I am struck by how many liberals insist on reducing carbon emissions immediately, but, on the deficit, say there is no urgency because no interest rates rises are in sight. And I am struck by how many conservatives insist we must reduce the deficit immediately, but, on climate, say there is no urgency because, so far, temperature rise has been slight. (Although 2012 was the hottest year on record in the continental U.S.) One reason interest rates are so low is that they are being suppressed by the Federal Reserve’s quantitative easing. That won’t last. As for the climate, well, “Mother Nature doesn’t do quantitative easing,” said Harvey.
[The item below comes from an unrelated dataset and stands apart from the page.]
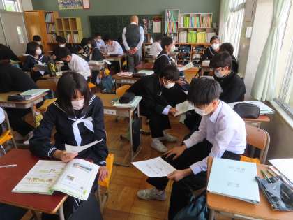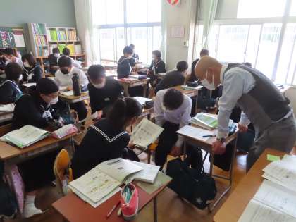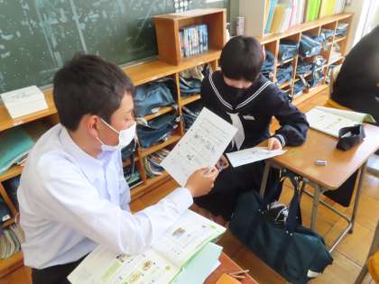 3Aの英語は「受け身の文を使い、身近な事柄について表現できる」を学習課題として授業が行われています。プリントにある項目から質問を出し、返事をする課題に取り組んでいるところです。

Beware of nonlinear moves in both.

We can’t go off coal overnight, and we can’t go into recession by cutting spending overnight, but we need to start tapping on the brakes in both realms by agreeing on spending cuts, tax increases and new investments that would be phased in as the economy improves, as well as higher efficiency standards for power plants, buildings, vehicles and appliances that would be phased in, too.

A carbon tax would reinforce and make both strategies easier. According to a September 2012 study by the Congressional Research Service, a small carbon tax of $20 per ton — escalating by 5.6 percent annually — could cut the projected 10-year deficit by roughly 50 percent (from $2.3 trillion down to $1.1 trillion).